**GOAL OF THE EXERCISE**
Would you reproduce the data below exactly, please, leaving out its images?

MATERIAL PROVIDED Start Marker

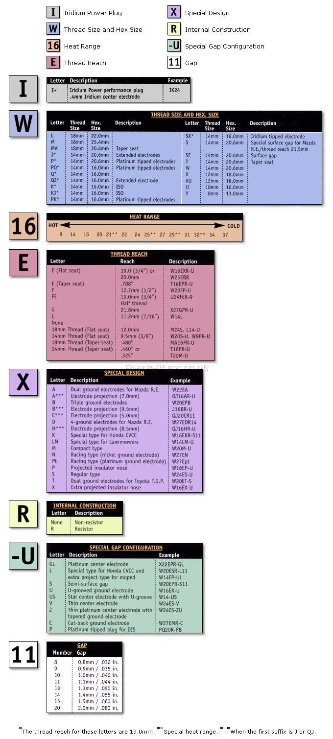 Ето ти таблицата с обясненията за значението на абревиатурите в DENSO конвенцията за именоване на моделите им свещи:
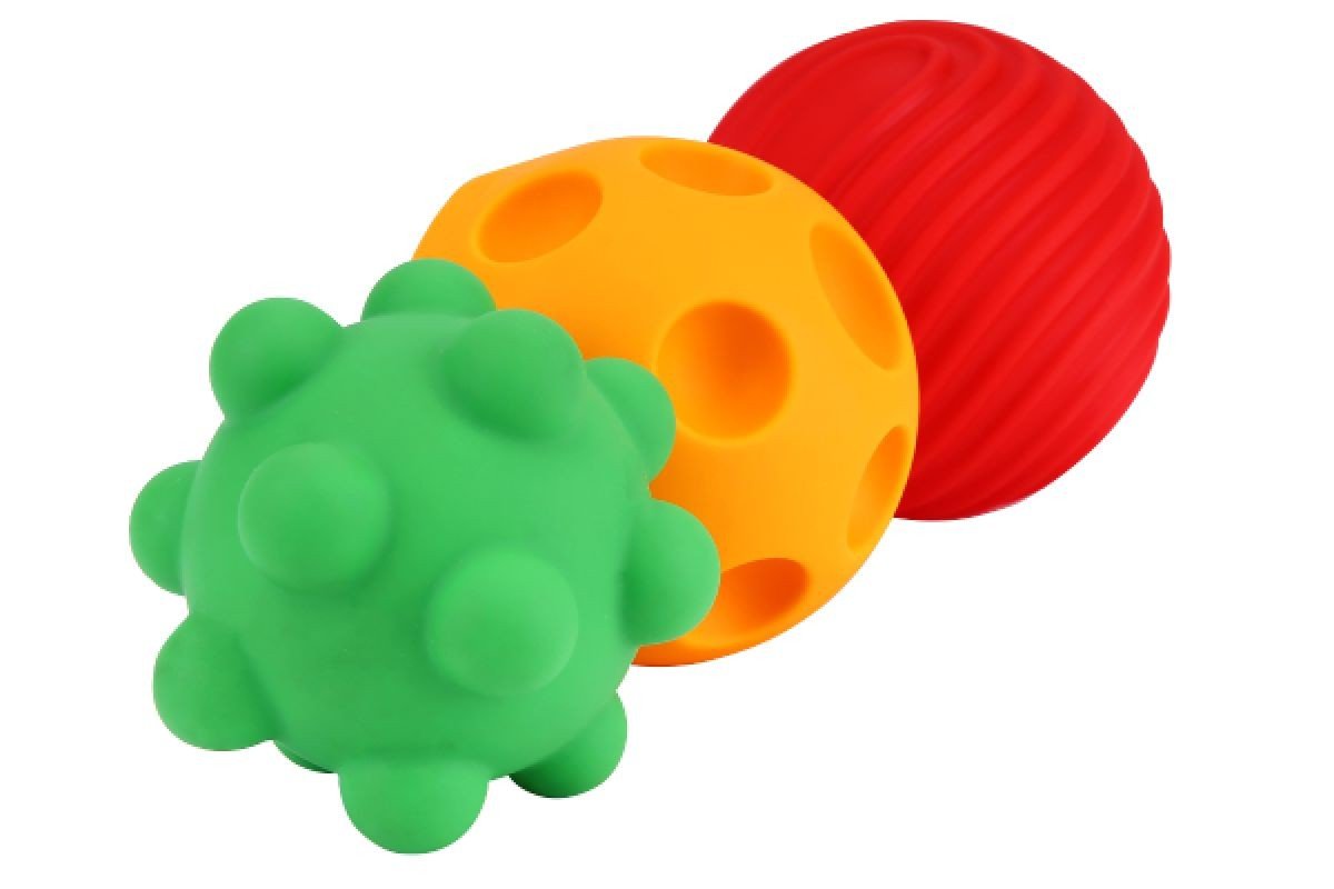 Набір тактильні іграшки для дітей. М'ячки розвивають дрібну моторику та тактильні відчуття за допомогою рельєфних елементів. М'ячки виконані з абсолютно безпечної та щільної гуми. Діаметр м'ячика 6 см, у наборі 3 штуки. Для дітей від року.
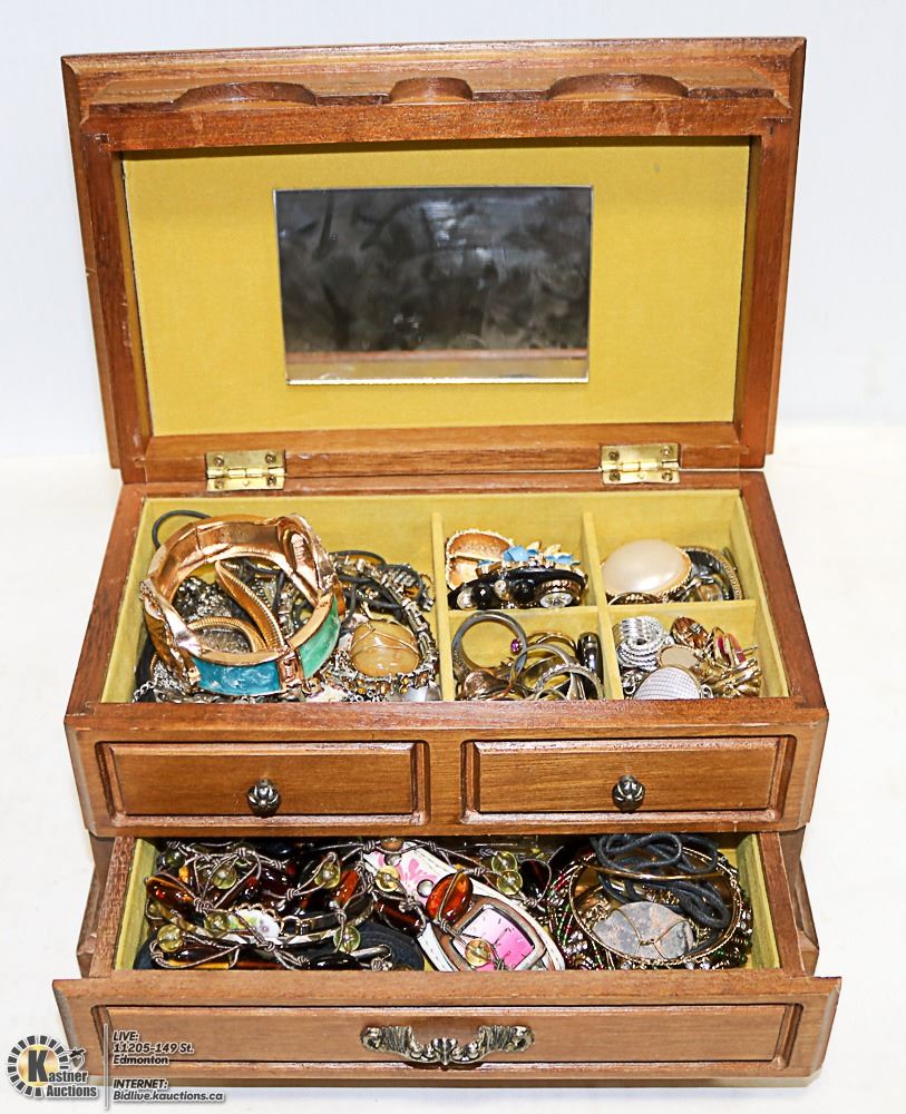 BROWN MUSIC BOX FULL OF JEWELRY

MATERIAL PROVIDED End Marker

**OUTPUT**
 Ето ти таблицата с обясненията за значението на абревиатурите в DENSO конвенцията за именоване на моделите им свещи:
 Набір тактильні іграшки для дітей. М'ячки розвивають дрібну моторику та тактильні відчуття за допомогою рельєфних елементів. М'ячки виконані з абсолютно безпечної та щільної гуми. Діаметр м'ячика 6 см, у наборі 3 штуки. Для дітей від року.
 BROWN MUSIC BOX FULL OF JEWELRY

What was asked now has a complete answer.